At first, 4881 citations were exported from the three databases and 2276 were selected on titles, among which 1041 had an available abstract. Abstracts screening lead to 477 accepted citations. Among them, 445 full-texts PDF were retrieved, of which 106 were kept after the full-text screening step. Over the whole screening process, 45 citations were identified as duplicates and were removed. Sixty-eight additional records came from our call for grey literature but none passed the full-text screening. Lastly, 46 other articles found by the review team that directly dealt with CFF [28, 33, 34, 42–45], but not directly found in the three considered databases, were added to the final corpus.

Overall, 152 articles were included and were split into 267 studies. After the exclusion of studies without any replication nor control, 200 studies were retained. The critical appraisal step resulted in 8% (16) of studies with a high risk of bias, 78% (155) with a medium risk of bias and 14% (29) with a low risk of bias (S6 File).

Bibliometric results

Accepted articles were published between 1935 and 2020 with a major increase in the mid-1990s with less than 10 articles being published every five years before 1990 to more than 40 between 2015 and 2020 (S11 File).

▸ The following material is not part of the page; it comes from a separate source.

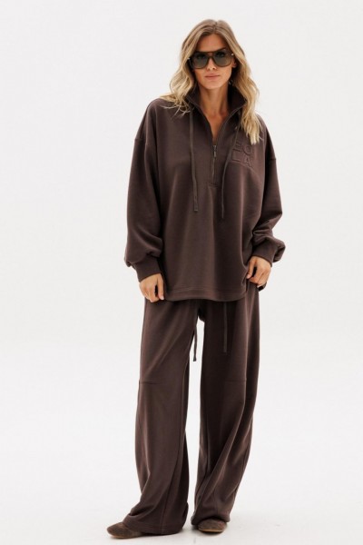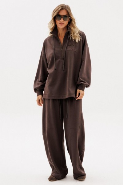 Комплект: джемпер+брюки. Комплект выполнен из трикотажного полотна. Джемпер прямого силуэта, покроя "oversize" длиной до линии бедер. Спереди застежка на молнию. Воротник-стойка. Плечевой шов удлинен. Рукав рубашечного покроя, одношовный, расширенный и присборенный к низу. Низ рукава на притачной манжете. Низ джемпера на эластичной тесьме с фиксаторами. Джемпер декорирован вышивкой по переду. Брюки прямого силуэта, длиной в пол, на притачном поясе с эластичной тесьмой. Спереди боковые карманы с фигурным входом, петли в поясе, в которые втянут шнур из основной ткани, коленные вытачки, складки. Сзади справа накладной карман.

We classified studies’ methodology into two groups: electrophysiology (153) and behavioural (47). In the first group, electroretinogram was the most frequently used methodology even if electroencephalograms and other physiological protocols were also used. For the second group, two-alternative forced choice procedures were more often chosen, followed by optomotor ones. In both types of studies, authors used several types of light sources to produce their stimuli, LED being the most frequently chosen one (79) along with gas discharge lamps (37) and monochromators (33). More rarely, incandescent lamps and monitor screens were also used.

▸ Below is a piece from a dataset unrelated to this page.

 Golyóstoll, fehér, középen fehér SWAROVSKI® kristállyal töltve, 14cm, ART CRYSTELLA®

Fifteen taxonomic classes were found. Actinopterygii was the most represented taxon with more than 44 species being examined, followed by Malacostraca, Mammalia and Insecta with approximately 30 species (S11 File). Aves were studied in 23 species and Elasmobranchii as well as Reptilia were less examined both with 14 species. Only three Cephalaspidomorphi species were studied and, for each of the 7 remaining taxonomic classes, only one study was carried out. Overall, on the 200 CFF values that were observed, 156 different species were recorded. Mus musculus L. was the most examined species with 8 occurrences, along with Gallus gallus L. (6 studies) and Rattus norvegicus B. (6 studies). The vast majority of species (133) were studied only once.

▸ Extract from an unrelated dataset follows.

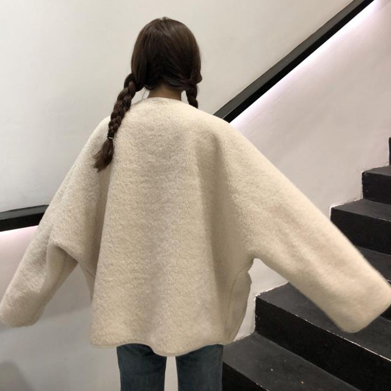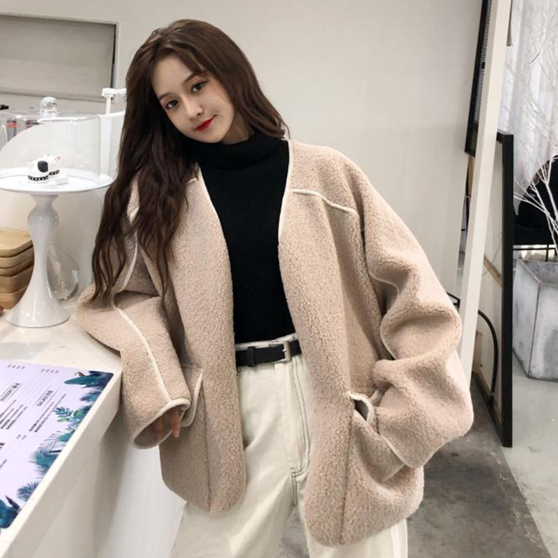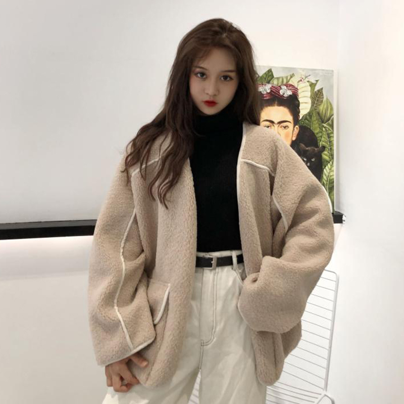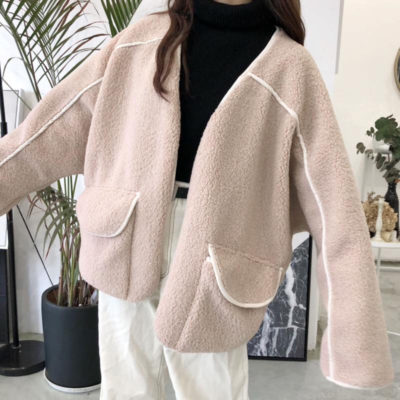 / 少女羊羔毛外套秋冬裝新款撞色包邊毛絨上衣時尚寬松口袋長袖開衫

Distribution of CFF values

CFF was more often reported as a mean value (125 studies) but authors also used the range of values, the minimum or maximum, the median value or the extrapolation from their data. Among the 125 mean values, 77 were detailed by a measure of variation, either a standard error (65) or a standard deviation.

Reported values of CFF varied from a maximum of between 300 Hz and 500 Hz for the beetle Melanophila acuminata D. [56] to a mean (± SD) of 0.57 (± 0.08) Hz for the snail Lissachatina fulica B. [57].

Some commonly used light technologies such as LED or gas discharge (e.g. High Pressure Sodium) lamps may produce a flickering effect at a frequency of 100 Hz due to the 50 Hz electrical supply in Europe. For this reason, we considered a 100 Hz CFF threshold to identify species that might perceive ALAN’s flicker in real in-situ conditions, outside at night. When only considering species living under low and variable light exposure levels, seven insects and two fish species among three taxonomic classes, namely Insecta, Aves, and Actinopterygii, had CFF higher than this threshold (Fig 2).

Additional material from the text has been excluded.